Bedingt vor­sätz­li­ches Han­deln setzt vor­aus, dass der Täter den Ein­tritt des tat­be­stand­li­chen Erfol­ges als mög­lich und nicht ganz fern­lie­gend erkennt, und dass er ihn bil­ligt oder sich um des erstreb­ten Zie­les wil­len mit der Tat­be­stands­ver­wirk­li­chung abfin­det.

Dolus even­tua­lis – und das Erken­nen des mög­li­chen Erfolgs­ein­tritts

Bei­de Ele­men­te der inne­ren Tat­sei­te müs­sen in jedem Ein­zel­fall geson­dert geprüft und durch tat­säch­li­che Fest­stel­lun­gen belegt wer­den.
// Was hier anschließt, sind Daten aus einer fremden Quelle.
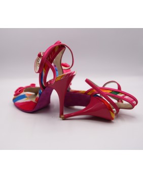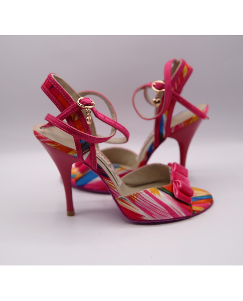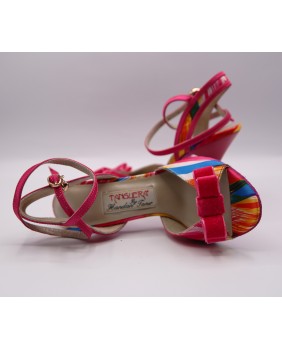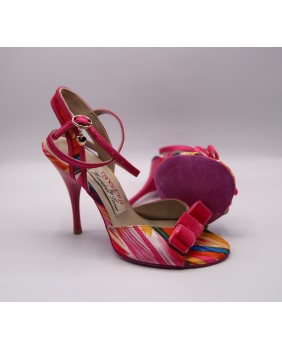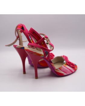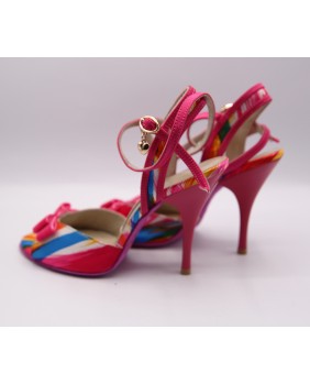 Nouveau modèle en tissu imprimé très coloré avec des tons de rose et rouge. Talon et semelle roses assortis. Longue bride double position, surpicure sur la bride arrière en satin rose et ruban de velours rose sur la partie avant. Talon de 9 cm cambrure prononcée sur les photos mais existe en 7 cm (rouge), 8 cm, 9 cm et 9 cm (spécial).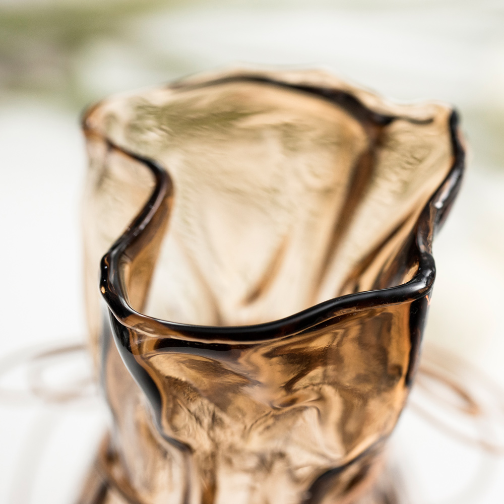 北欧艺术褶皱玻璃花瓶 高级感ins小花瓶桌面装饰摆件客厅插花花器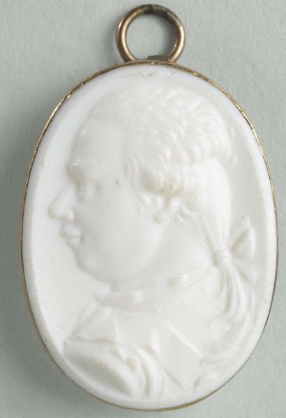 Curator: Looking at this Cameo Locket from the late 18th century, I am struck by its intimacy. The delicate ceramic and small size suggest a personal connection, perhaps a token of affection or remembrance. Editor: Yes, there's something incredibly tender about it. The milky white figure against that pale lilac background – it's like a whispered secret, an almost ghostly presence preserved in this little oval frame. I'm curious about the process – what does creating a cameo in ceramic involve? Curator: Well, it’s believed that this was created by the Wedgwood Manufactory, renowned for its Jasperware. The creation of Jasperware, and therefore this locket, required an incredibly precise process. This involved a unique mixture that, when fired, produced a matte, unglazed surface, perfect for intricate relief work. The layering of contrasting colors, particularly the white relief on a colored ground, was essential to their process. Editor: Thinking about that matte surface, you almost expect to feel the cool touch of the ceramic as you handle it. I imagine these pieces as precious and incredibly delicate. This locket, intended to be worn so close to the skin, tells you so much about consumption habits. Do you believe these kinds of personal items had other functions beyond sentimentality? Curator: Absolutely. The Neoclassical style, quite popular then, reflected the socio-political fascinations with antiquity. Pieces like this showcased the owner's cultural awareness. This wasn't just decorative; it was a declaration of belonging to an elite, cultured class. And Wedgwood cleverly leveraged these cultural trends. Editor: Indeed. Thinking of the industrial methods involved at the Wedgwood Manufactory highlights something too. You have the intimate, handmade feel, of the decorative object. Yet there's a whole mechanized industry behind the product. I think it highlights something about taste and value during this era, how the lines between the hand-crafted and factory-produced become increasingly blurred. Curator: I concur completely, a piece like this embodies larger artistic and societal currents during a transformative era. Editor: Looking closer at its construction brings fresh consideration. The process itself tells such a rich story about taste, class and the business of art.

Es bedarf einer Gesamt­be­trach­tung aller objek­ti­ven und sub­jek­ti­ven Umstän­de, bei der die auf der Grund­la­ge der dem Täter bekann­ten Gege­ben­hei­ten zu bestim­men­de objek­ti­ve Gefähr­lich­keit der Tat­hand­lung ein wesent­li­cher Indi­ka­tor ist.

Neben der kon­kre­ten Angriffs­wei­se sind dabei regel­mä­ßig auch die Per­sön­lich­keit des Täters, sein psy­chi­scher Zustand zum Tat­zeit­punkt und sei­ne Moti­va­ti­on mit ein­zu­be­zie­hen 1.

Bun­des­ge­richts­hof, Beschluss vom 22. Dezem­ber 2016 – 1 StR 571/​16

  1. BGH, Beschluss vom 07.09.2015 – 2 StR 194/​15[]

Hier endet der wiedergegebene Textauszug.